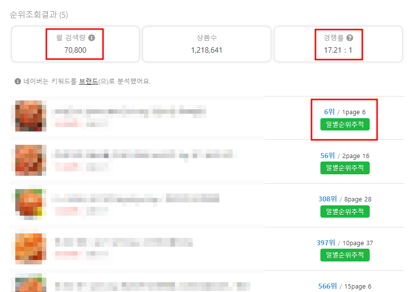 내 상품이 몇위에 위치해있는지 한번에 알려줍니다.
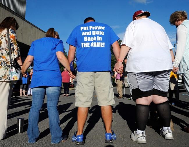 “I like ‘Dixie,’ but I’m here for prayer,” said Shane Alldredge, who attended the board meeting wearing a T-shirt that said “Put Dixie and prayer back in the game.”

◆ ◆ ◆ ◆

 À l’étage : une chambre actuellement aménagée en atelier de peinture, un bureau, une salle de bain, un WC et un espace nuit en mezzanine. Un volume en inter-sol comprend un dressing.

◆ ◆ ◆ ◆

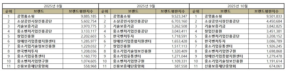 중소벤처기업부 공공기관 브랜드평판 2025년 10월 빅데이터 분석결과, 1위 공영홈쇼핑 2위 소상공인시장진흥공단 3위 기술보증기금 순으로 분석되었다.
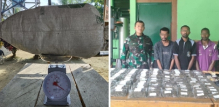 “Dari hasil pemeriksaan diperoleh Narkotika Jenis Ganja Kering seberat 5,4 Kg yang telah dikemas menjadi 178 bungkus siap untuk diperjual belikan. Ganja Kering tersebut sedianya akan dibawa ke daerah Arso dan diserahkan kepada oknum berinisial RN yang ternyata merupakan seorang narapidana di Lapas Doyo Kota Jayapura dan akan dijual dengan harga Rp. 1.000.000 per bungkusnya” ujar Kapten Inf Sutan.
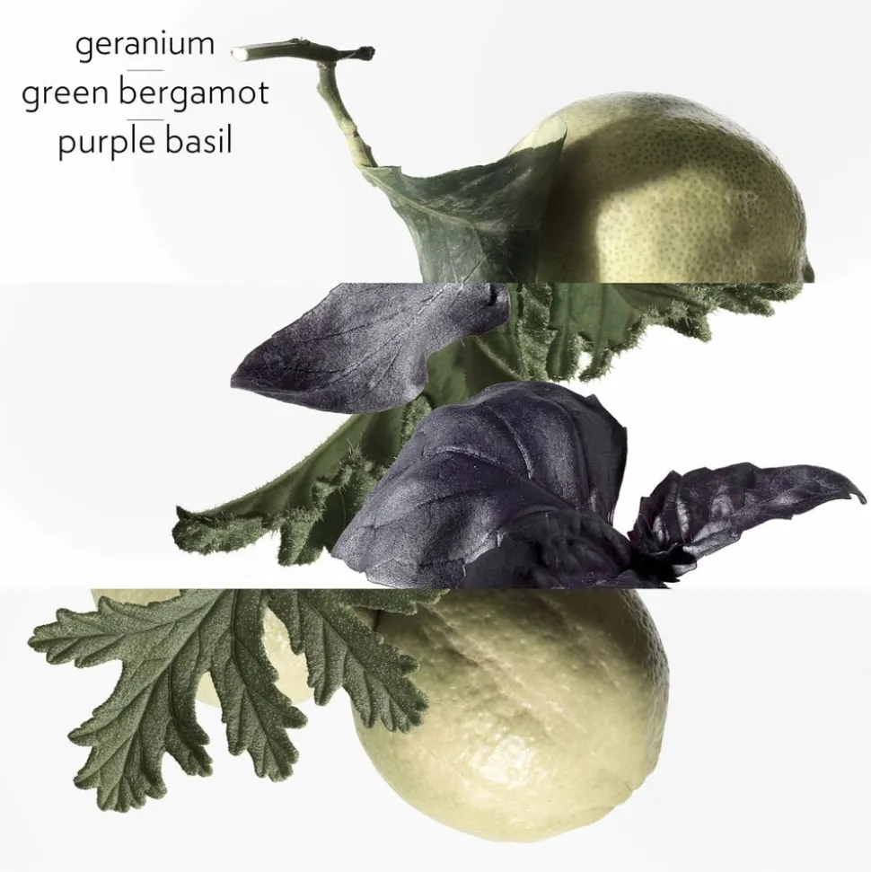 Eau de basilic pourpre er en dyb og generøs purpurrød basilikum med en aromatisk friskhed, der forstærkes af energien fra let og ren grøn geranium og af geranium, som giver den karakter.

◆ ◆ ◆ ◆

__What you should do__: The stretch to restate runs from the line above containing "중소벤처기업부 공공기관 브랜드평판" through the line containing "Eau de basilic". Copy it word for word, ends included, without pictures.

__Solution__:
 중소벤처기업부 공공기관 브랜드평판 2025년 10월 빅데이터 분석결과, 1위 공영홈쇼핑 2위 소상공인시장진흥공단 3위 기술보증기금 순으로 분석되었다.
 “Dari hasil pemeriksaan diperoleh Narkotika Jenis Ganja Kering seberat 5,4 Kg yang telah dikemas menjadi 178 bungkus siap untuk diperjual belikan. Ganja Kering tersebut sedianya akan dibawa ke daerah Arso dan diserahkan kepada oknum berinisial RN yang ternyata merupakan seorang narapidana di Lapas Doyo Kota Jayapura dan akan dijual dengan harga Rp. 1.000.000 per bungkusnya” ujar Kapten Inf Sutan.
 Eau de basilic pourpre er en dyb og generøs purpurrød basilikum med en aromatisk friskhed, der forstærkes af energien fra let og ren grøn geranium og af geranium, som giver den karakter.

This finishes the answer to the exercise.